Is there a mathimatical way to convert the reading to RMS

If you know the

**shape** of the waveform you're measuring, and you have an accurate model of your multimeter, then yes.

If you assume that the multimeter has a linear response (i.e., doubling the input signal doubles the measured value), then that calculation will be a simple scaling factor.

But then again, if you have the tools required to do all this calibration (i.e., an oscilloscope), then you should just be making your RMS measurements directly with the oscilloscope.

If you assume that your multimeter is not just linear, but a theoretically perfect averaging multimeter (a remarkable assumption to make given that that's as difficult and expensive as making a true RMS meter), then the conversion factors can be calculated.

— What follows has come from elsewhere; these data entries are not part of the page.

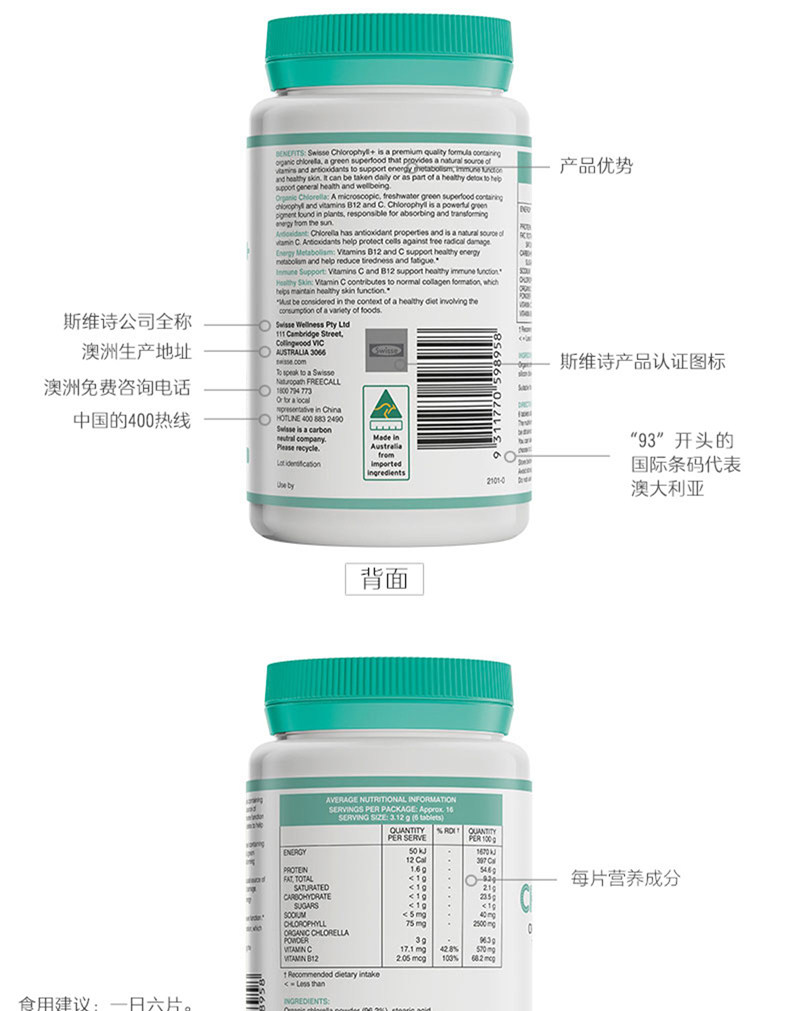 Импортный освежающий хлорофилл для всего тела, 100 штук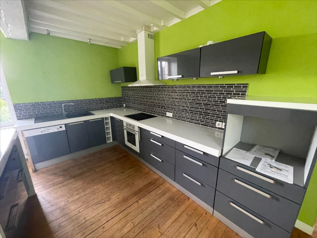 A l 'étage : pièce palière desservant d'un côté la cuisine aménagée équipée coin repas (env 22m²) et un séjour avec poêle à bois (env 31 m²) accès terrasse et jardin. Un dégagement avec accès jardin desservant 3 chambres, salle de bain, wc.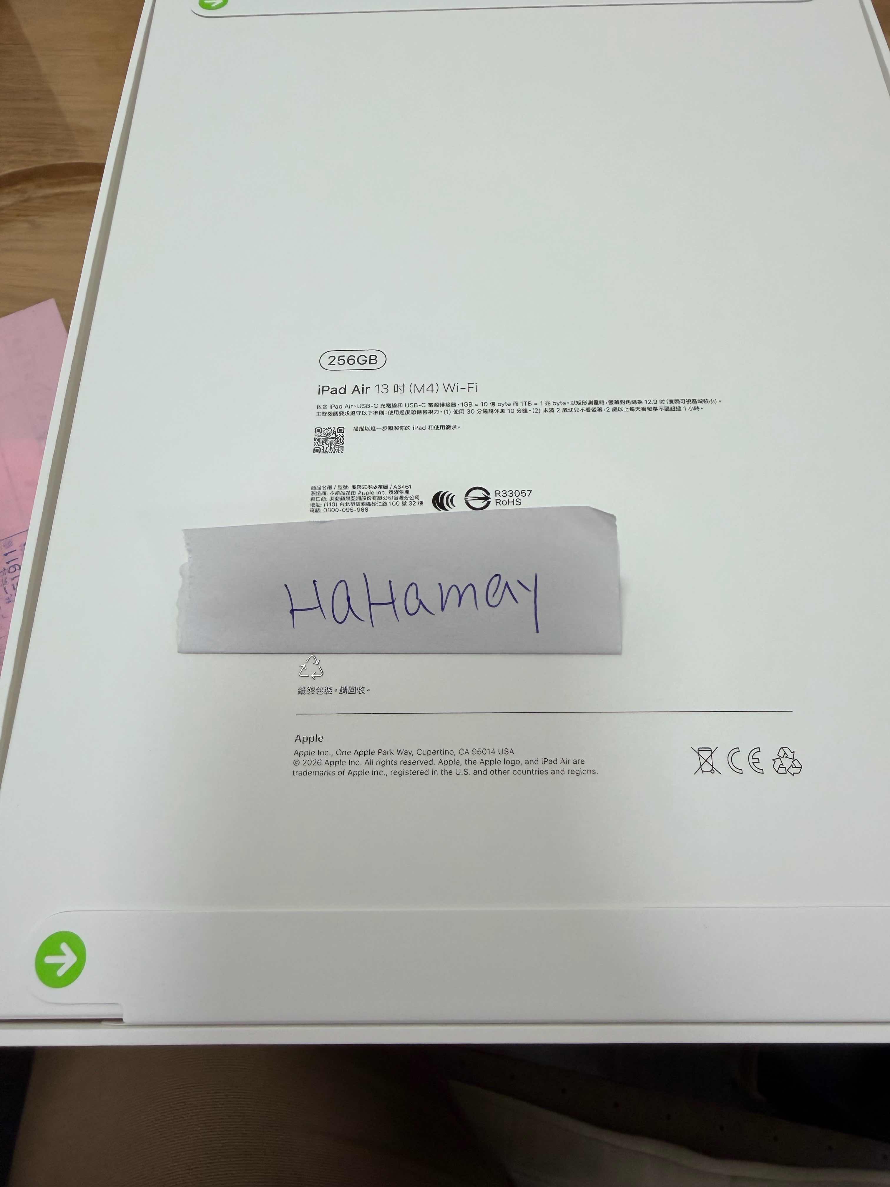 [型號] iPad Air M4 13" 256G WiFi 紫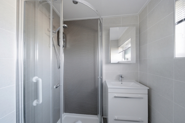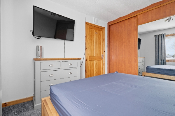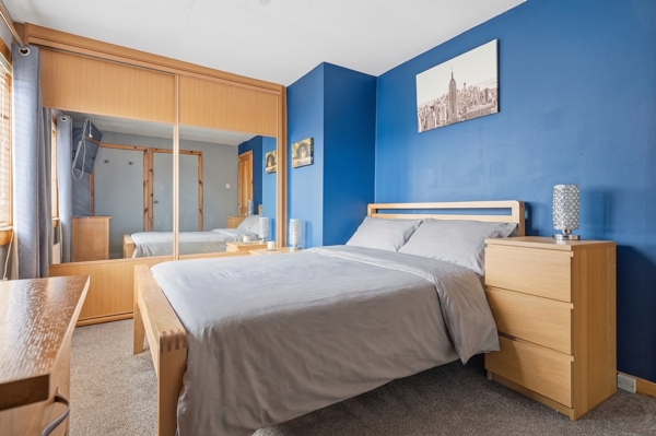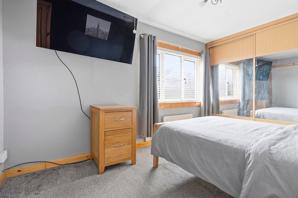 Upstairs, two generous double bedrooms offer excellent storage. The family bathroom is beautifully finished with on-trend tiling, contrasting wet wall within the shower area, vanity storage and a heated towel rail — a space that feels both practical and polished.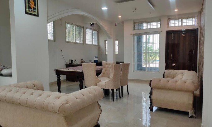 Providing free bikes, Spacious Private Home offers accommodations in North Lakhimpur. This property offers access to a terrace, free private parking, and free Wifi. The accommodation provides airport transfers, while a car rental service is also available. The apartment is composed of 1 bedroom, a fully equipped kitchen, and 3 bathrooms. Towels and bed linen are provided in the apartment. For added privacy, the accommodation has a private entrance and soundproofing. A mini-market is available at the apartment. Guests can also relax in the garden. The nearest airport is Lilabari (North Lakhimpur) Airport, 4.3 miles from the apartment.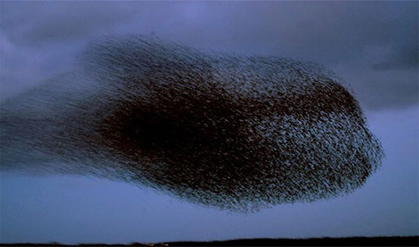 丹麦的有限光被来自北欧的八哥鸟的大规模出埃及记。这是一个美丽的景象。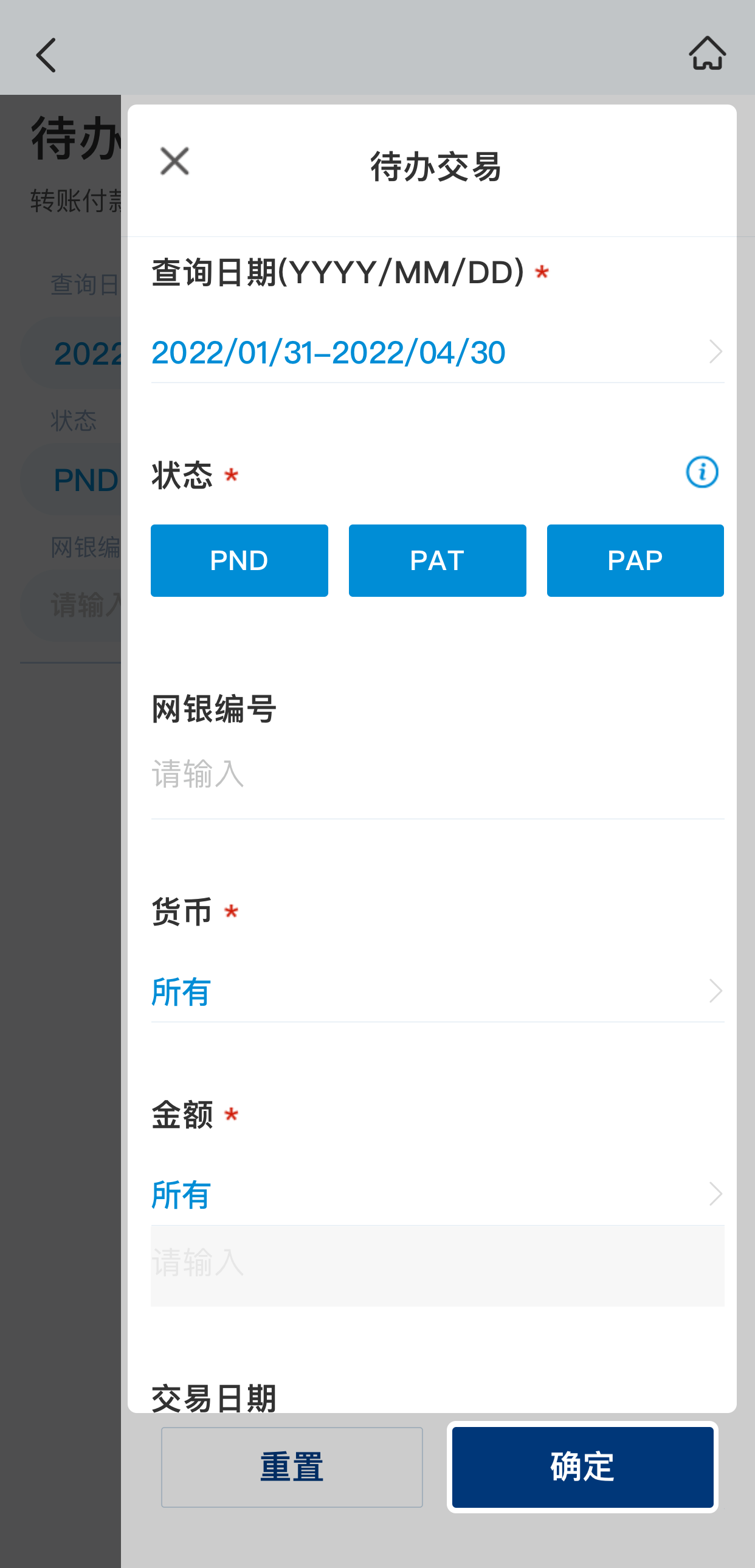 按“筛选”以查询自定查询条件,以授权指定的交易,以进入下一步。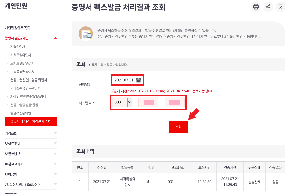 팩스발급 처리 결과 조회는 국민건강보험공단 홈페이지 상단에 민원 여기요 → 개인 민원 → 증명서 발급ㆍ확인 → 증명서 팩스발급 조회에서 보낸 날짜, 팩스번호 입력 후 조회를 클릭하면 상세하게 확인할 수 있습니다.
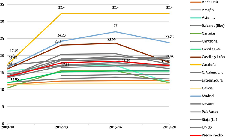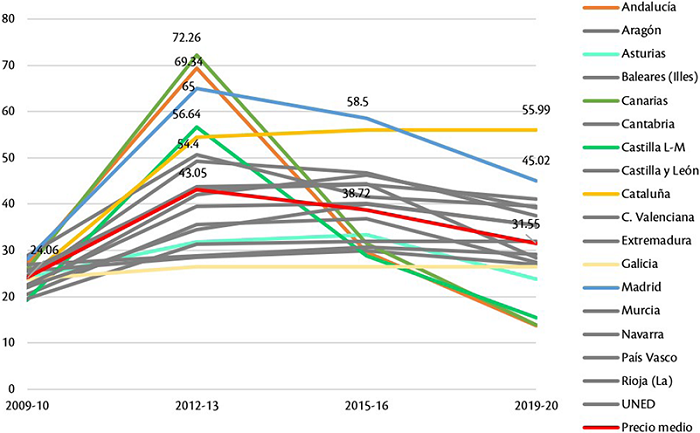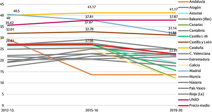 Por otra parte, en los próximos años se espera que la tendencia hacia la disminución del importe continúe tras la derogación del RD 14/2012 por el Gobierno de coalición del 5 de mayo de 2020 y el acuerdo del 27 de mayo de 2020 de la Conferencia General de Política Universitaria (CGPU), en el que se contempló un nuevo método de establecimiento de precios de matrícula fijándose un tope para las CC AA. En el caso de los estudios de grado, se ha fijado un precio máximo de 18.46€ y, por consiguiente, las comunidades que lo sobrepasen se verán obligadas a bajar sus precios. No obstante, según los primeros estudios sobre el balance de precios para el curso 2020-21, todo indica que el acuerdo, en su primer año de vigencia, no ha logrado modificar sustancialmente los precios (Sacristán, 2020).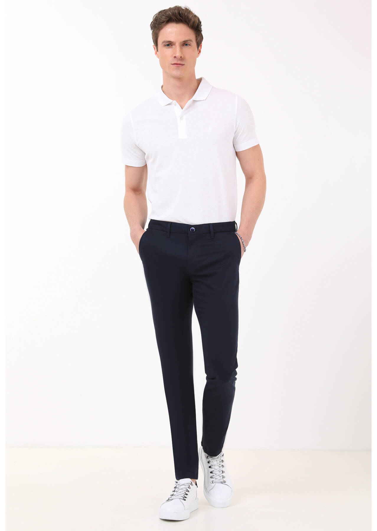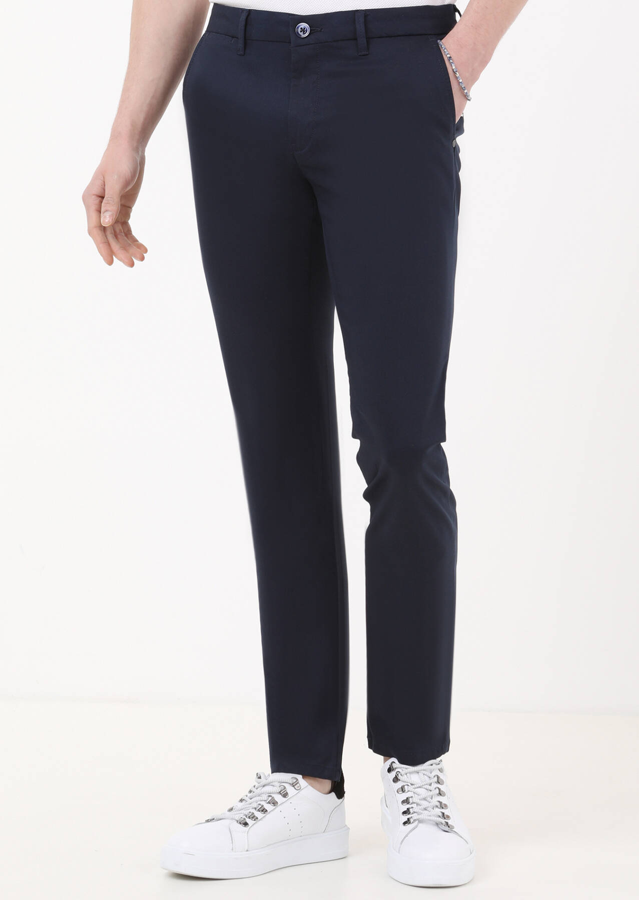 Lacivert Düz Dokuma Regular Fit Casual Pantolon

Finally, I would point out that people are, in general, overly obsessed with getting True RMS readings, as if True RMS is the One True Reading. One example of a specific case where RMS is appropriate is power dissipation

in a resistor -- the power dissipated in a resistor is equal to Vrms^2 / R, because it's the square of the instantaneous voltage that determines the instantaneous power, and if you write out the integration that calculates average power over time, it looks similar to the integration that generates the RMS reading. If you can't explain

why True RMS is the right measurement to make like this, then you're likely wasting your time making the wrong measurement.